*Work item*. Give the lines again exactly as they appear below, from the line with "Belaunzarán, Elías; Correa" to the line with "Old Shanghai Women's", both included, and only those lines. Leave every picture out.

*The records*.
# # # # # # #
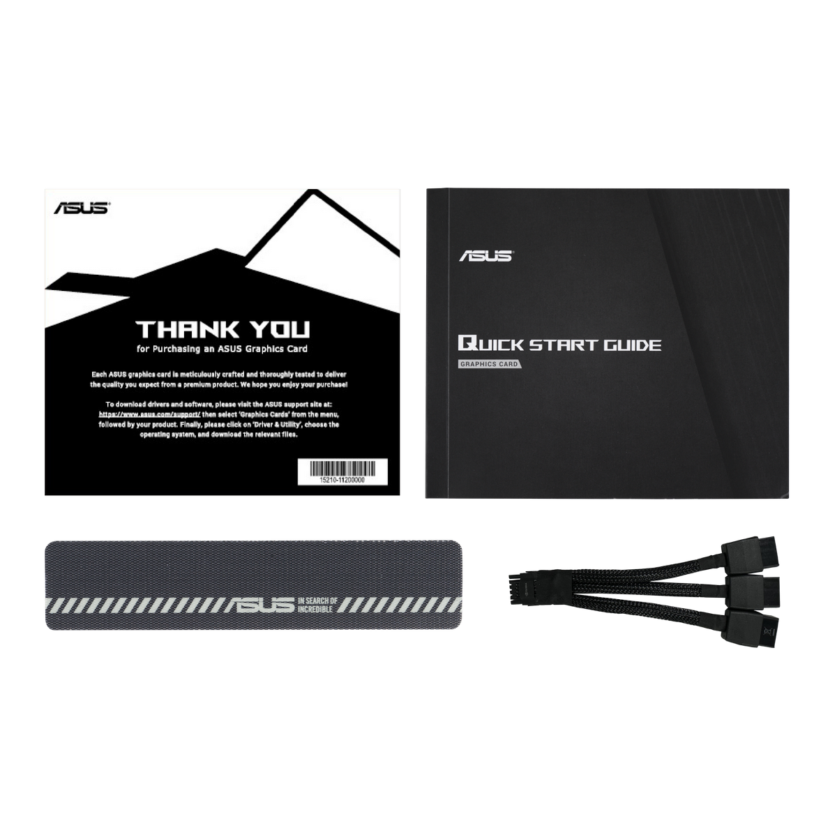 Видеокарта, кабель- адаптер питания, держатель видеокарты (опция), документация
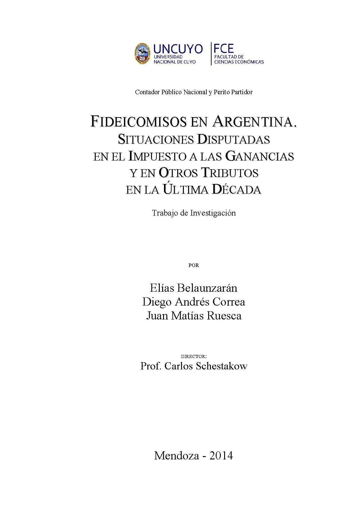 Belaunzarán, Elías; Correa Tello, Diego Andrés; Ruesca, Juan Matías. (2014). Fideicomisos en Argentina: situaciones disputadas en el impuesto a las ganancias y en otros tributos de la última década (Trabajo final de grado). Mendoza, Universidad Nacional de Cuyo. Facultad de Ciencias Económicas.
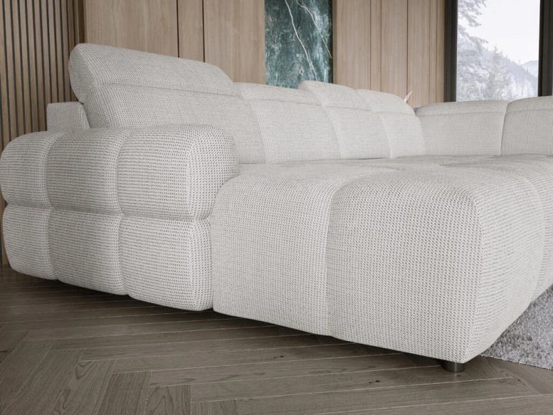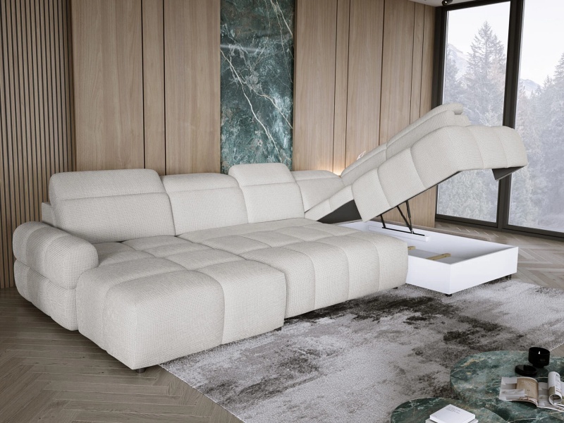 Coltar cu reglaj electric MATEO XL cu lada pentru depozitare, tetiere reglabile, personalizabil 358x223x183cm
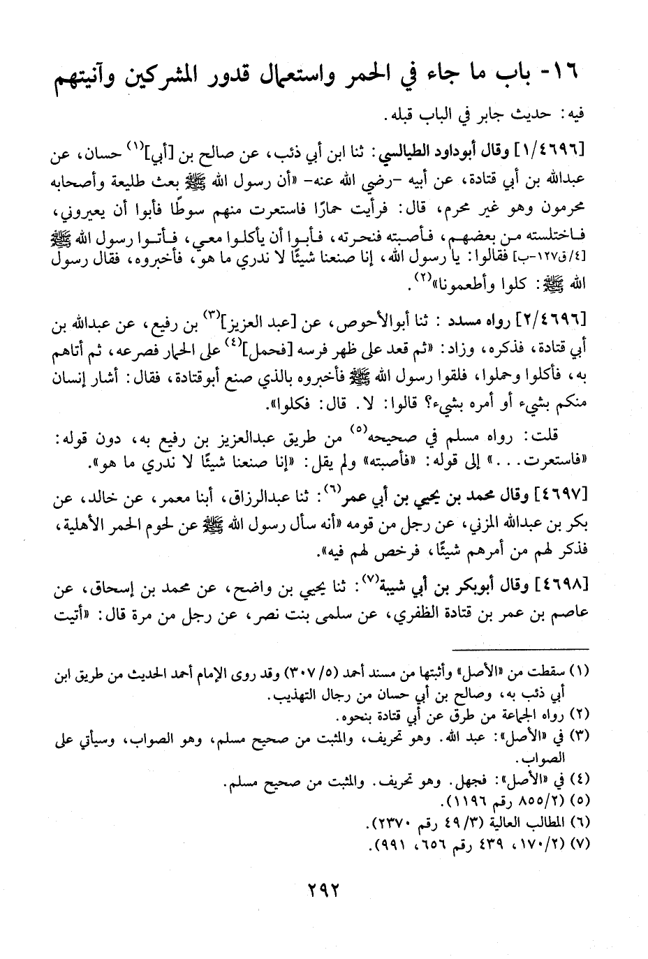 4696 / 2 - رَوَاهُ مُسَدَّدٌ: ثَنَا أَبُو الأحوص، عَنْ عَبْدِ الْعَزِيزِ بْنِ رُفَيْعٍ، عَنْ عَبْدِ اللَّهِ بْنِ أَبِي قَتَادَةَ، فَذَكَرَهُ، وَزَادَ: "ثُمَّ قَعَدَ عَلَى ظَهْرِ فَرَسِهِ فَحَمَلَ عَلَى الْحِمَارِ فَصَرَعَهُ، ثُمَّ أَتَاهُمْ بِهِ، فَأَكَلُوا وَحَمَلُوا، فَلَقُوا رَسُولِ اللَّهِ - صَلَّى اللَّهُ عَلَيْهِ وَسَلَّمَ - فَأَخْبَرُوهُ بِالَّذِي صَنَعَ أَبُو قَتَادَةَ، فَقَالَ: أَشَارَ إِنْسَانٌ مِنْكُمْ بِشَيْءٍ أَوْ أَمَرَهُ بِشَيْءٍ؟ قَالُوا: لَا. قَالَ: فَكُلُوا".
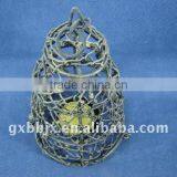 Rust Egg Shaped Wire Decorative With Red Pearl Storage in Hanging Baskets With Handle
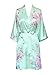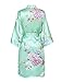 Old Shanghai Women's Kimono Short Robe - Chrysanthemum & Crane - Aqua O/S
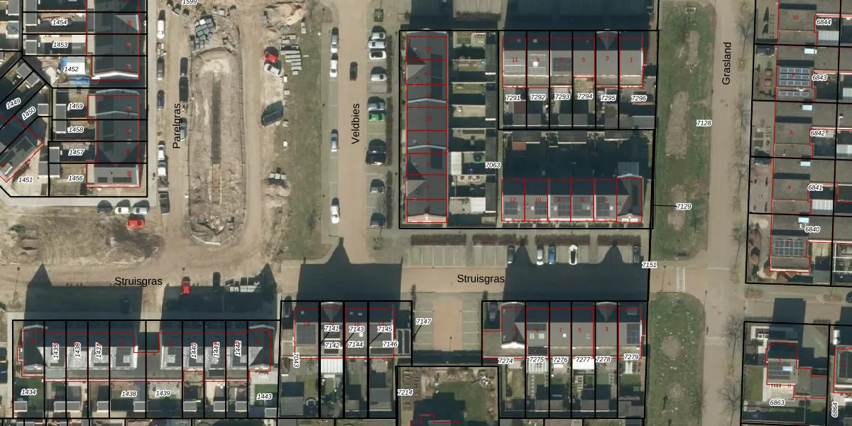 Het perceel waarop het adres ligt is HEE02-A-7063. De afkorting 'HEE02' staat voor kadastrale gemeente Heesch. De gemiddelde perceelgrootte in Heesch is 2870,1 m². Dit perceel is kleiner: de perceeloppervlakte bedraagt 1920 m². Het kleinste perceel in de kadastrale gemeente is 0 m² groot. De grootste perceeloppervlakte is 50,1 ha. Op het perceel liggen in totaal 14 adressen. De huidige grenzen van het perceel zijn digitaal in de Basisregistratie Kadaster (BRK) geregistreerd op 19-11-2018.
# # # # # # #
*Answer area*.
 Belaunzarán, Elías; Correa Tello, Diego Andrés; Ruesca, Juan Matías. (2014). Fideicomisos en Argentina: situaciones disputadas en el impuesto a las ganancias y en otros tributos de la última década (Trabajo final de grado). Mendoza, Universidad Nacional de Cuyo. Facultad de Ciencias Económicas.
 Coltar cu reglaj electric MATEO XL cu lada pentru depozitare, tetiere reglabile, personalizabil 358x223x183cm
 4696 / 2 - رَوَاهُ مُسَدَّدٌ: ثَنَا أَبُو الأحوص، عَنْ عَبْدِ الْعَزِيزِ بْنِ رُفَيْعٍ، عَنْ عَبْدِ اللَّهِ بْنِ أَبِي قَتَادَةَ، فَذَكَرَهُ، وَزَادَ: "ثُمَّ قَعَدَ عَلَى ظَهْرِ فَرَسِهِ فَحَمَلَ عَلَى الْحِمَارِ فَصَرَعَهُ، ثُمَّ أَتَاهُمْ بِهِ، فَأَكَلُوا وَحَمَلُوا، فَلَقُوا رَسُولِ اللَّهِ - صَلَّى اللَّهُ عَلَيْهِ وَسَلَّمَ - فَأَخْبَرُوهُ بِالَّذِي صَنَعَ أَبُو قَتَادَةَ، فَقَالَ: أَشَارَ إِنْسَانٌ مِنْكُمْ بِشَيْءٍ أَوْ أَمَرَهُ بِشَيْءٍ؟ قَالُوا: لَا. قَالَ: فَكُلُوا".
 Rust Egg Shaped Wire Decorative With Red Pearl Storage in Hanging Baskets With Handle
 Old Shanghai Women's Kimono Short Robe - Chrysanthemum & Crane - Aqua O/S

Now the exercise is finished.